▶ Task to complete
For this exercise, write out the whole listing below exactly, omitting its images.

▶ Dataset section
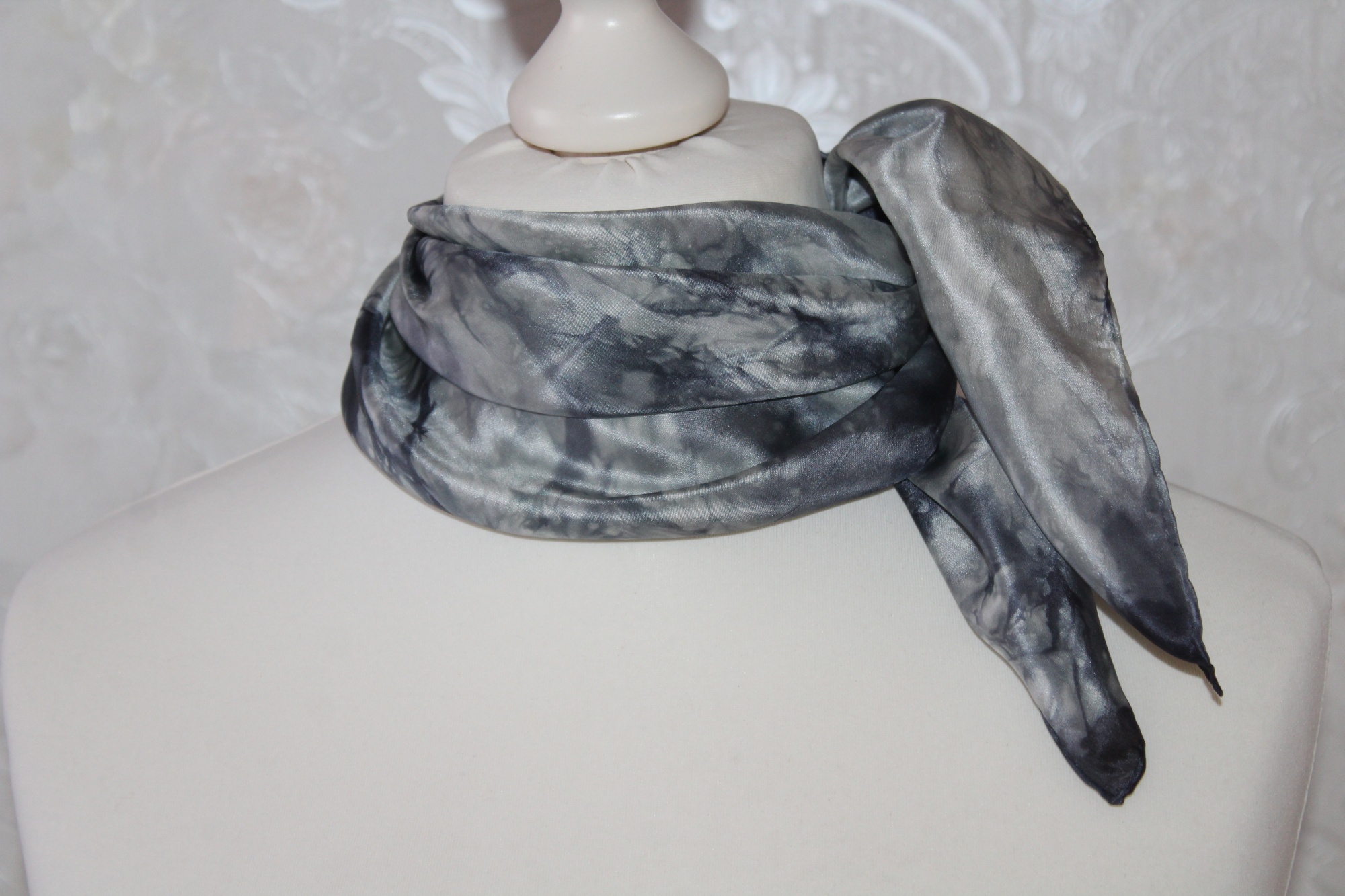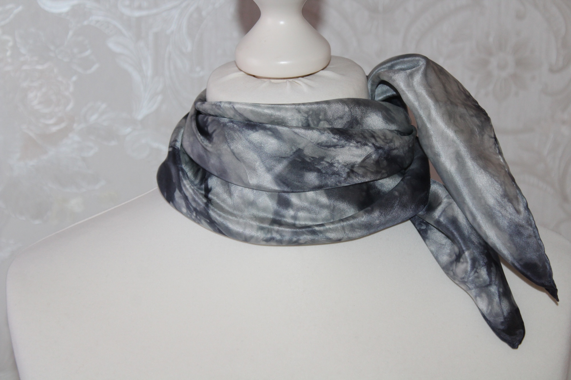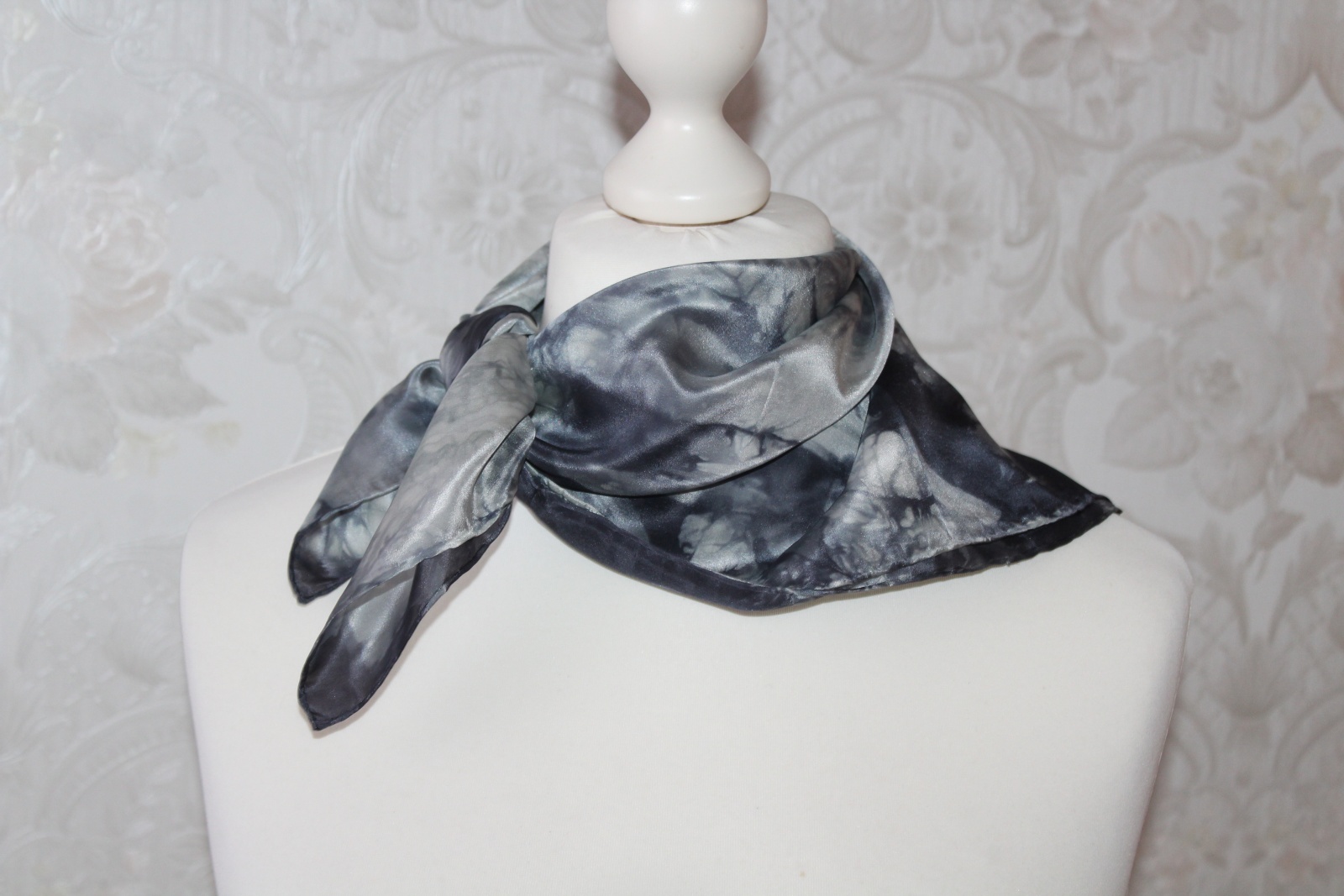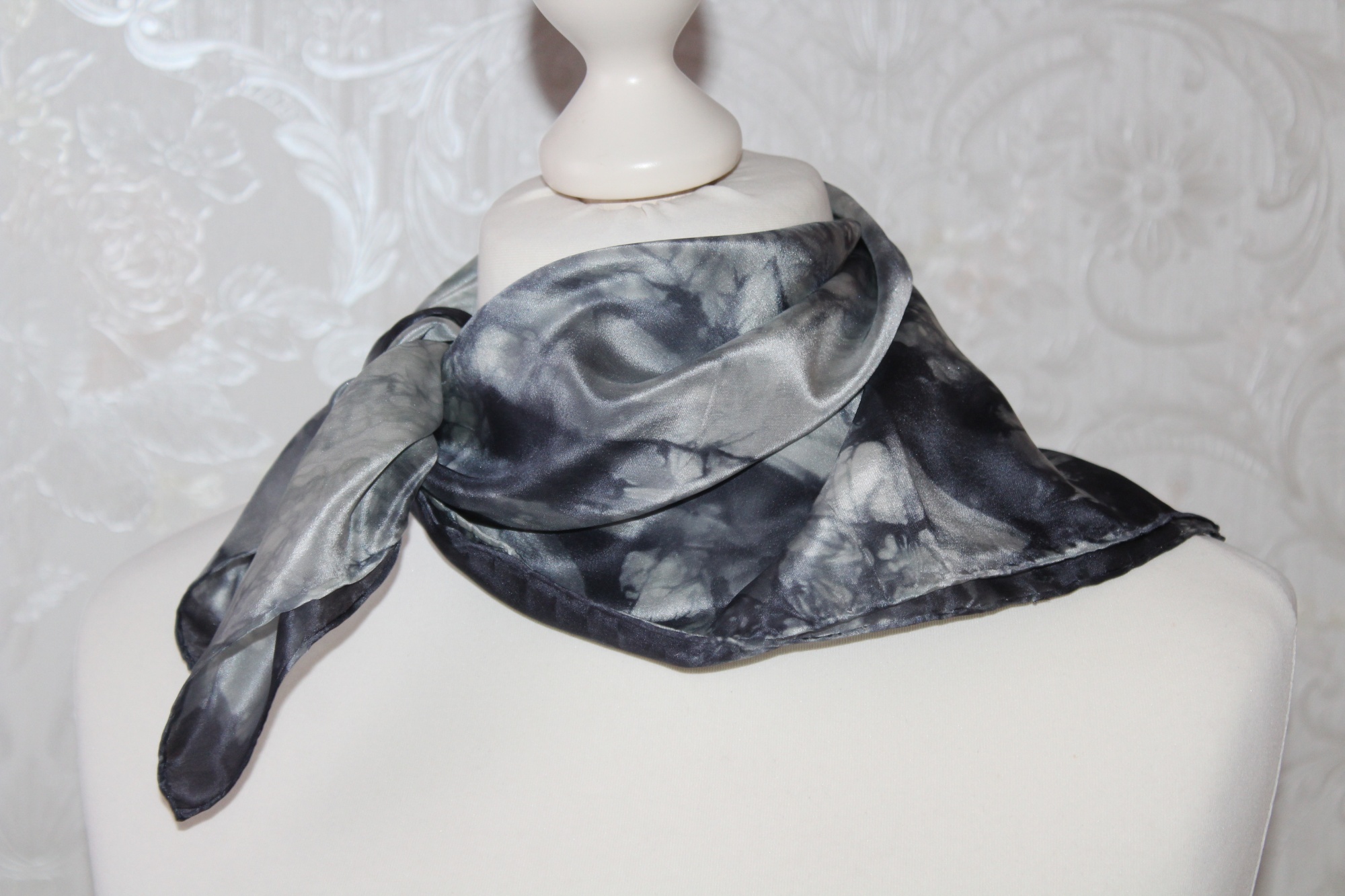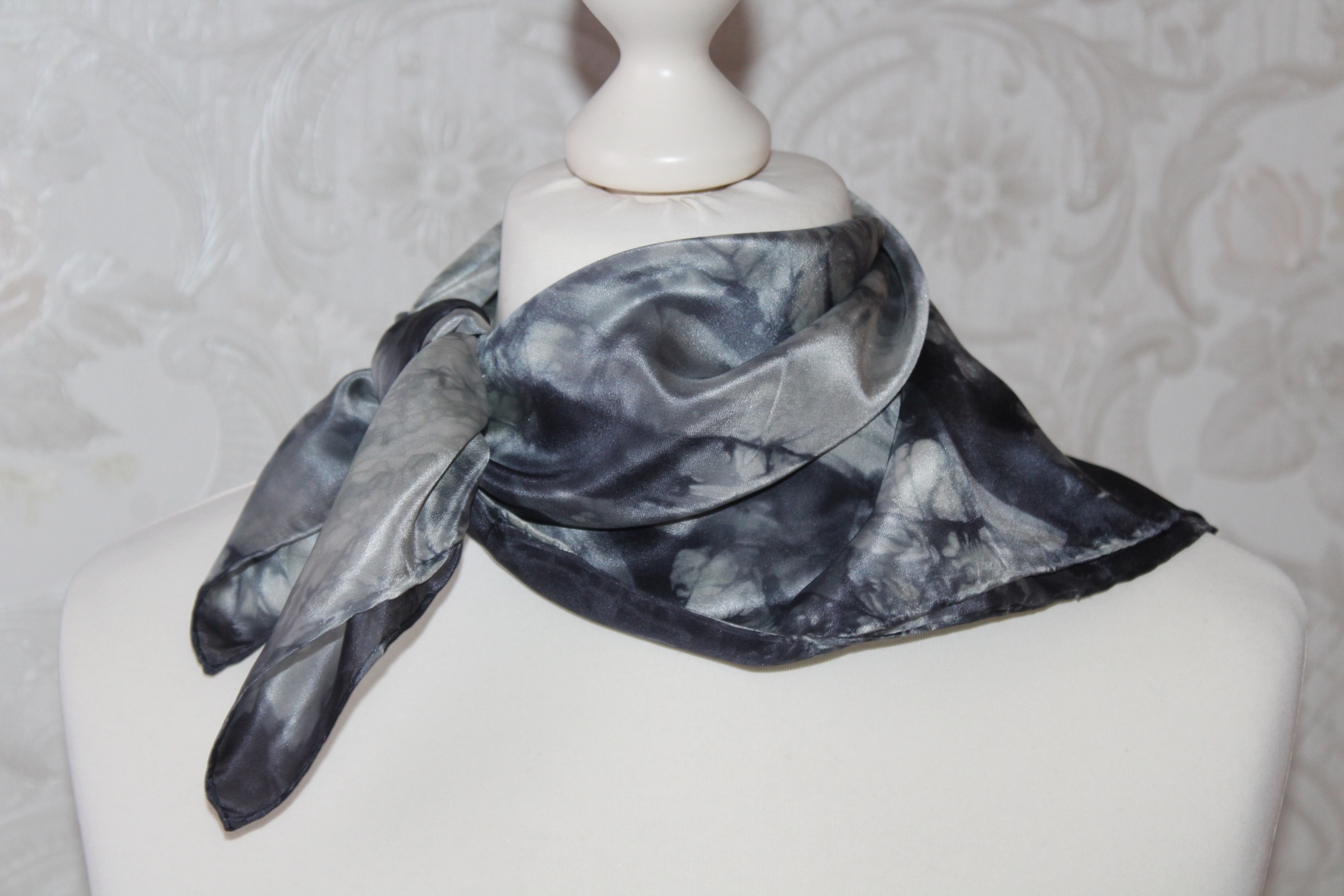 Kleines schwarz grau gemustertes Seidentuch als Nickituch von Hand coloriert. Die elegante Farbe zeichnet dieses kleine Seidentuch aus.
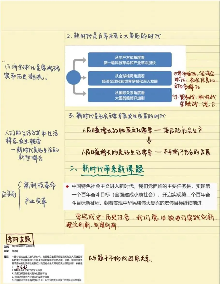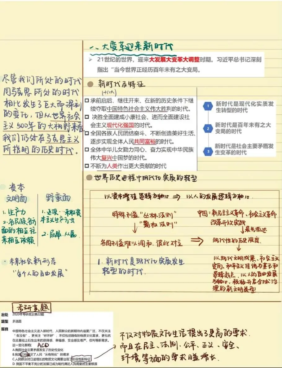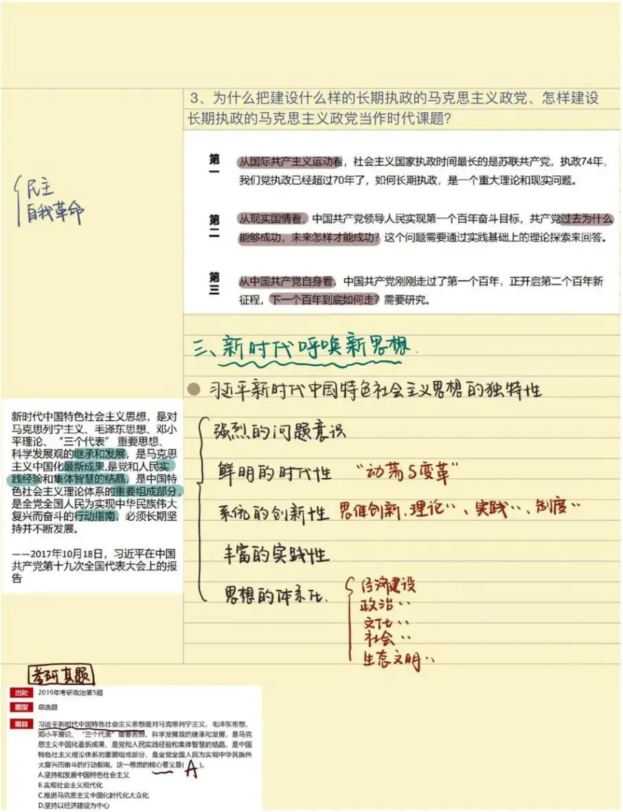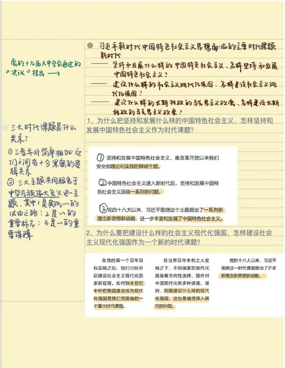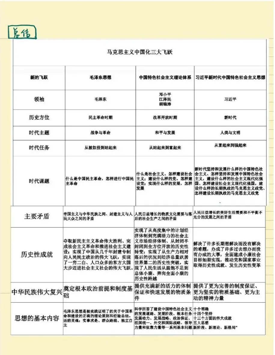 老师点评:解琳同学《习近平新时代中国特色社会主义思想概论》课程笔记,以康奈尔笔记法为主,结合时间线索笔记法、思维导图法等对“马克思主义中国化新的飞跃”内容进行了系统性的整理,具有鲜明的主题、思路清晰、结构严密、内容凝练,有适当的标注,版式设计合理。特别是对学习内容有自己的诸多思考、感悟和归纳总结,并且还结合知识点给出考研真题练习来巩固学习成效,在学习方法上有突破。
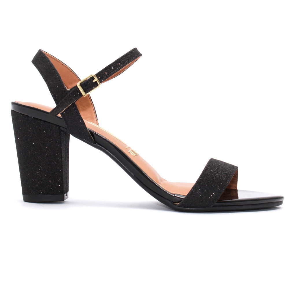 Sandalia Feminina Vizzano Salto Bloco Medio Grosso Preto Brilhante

▶ Exercise result
 Kleines schwarz grau gemustertes Seidentuch als Nickituch von Hand coloriert. Die elegante Farbe zeichnet dieses kleine Seidentuch aus.
 老师点评:解琳同学《习近平新时代中国特色社会主义思想概论》课程笔记,以康奈尔笔记法为主,结合时间线索笔记法、思维导图法等对“马克思主义中国化新的飞跃”内容进行了系统性的整理,具有鲜明的主题、思路清晰、结构严密、内容凝练,有适当的标注,版式设计合理。特别是对学习内容有自己的诸多思考、感悟和归纳总结,并且还结合知识点给出考研真题练习来巩固学习成效,在学习方法上有突破。
 Sandalia Feminina Vizzano Salto Bloco Medio Grosso Preto Brilhante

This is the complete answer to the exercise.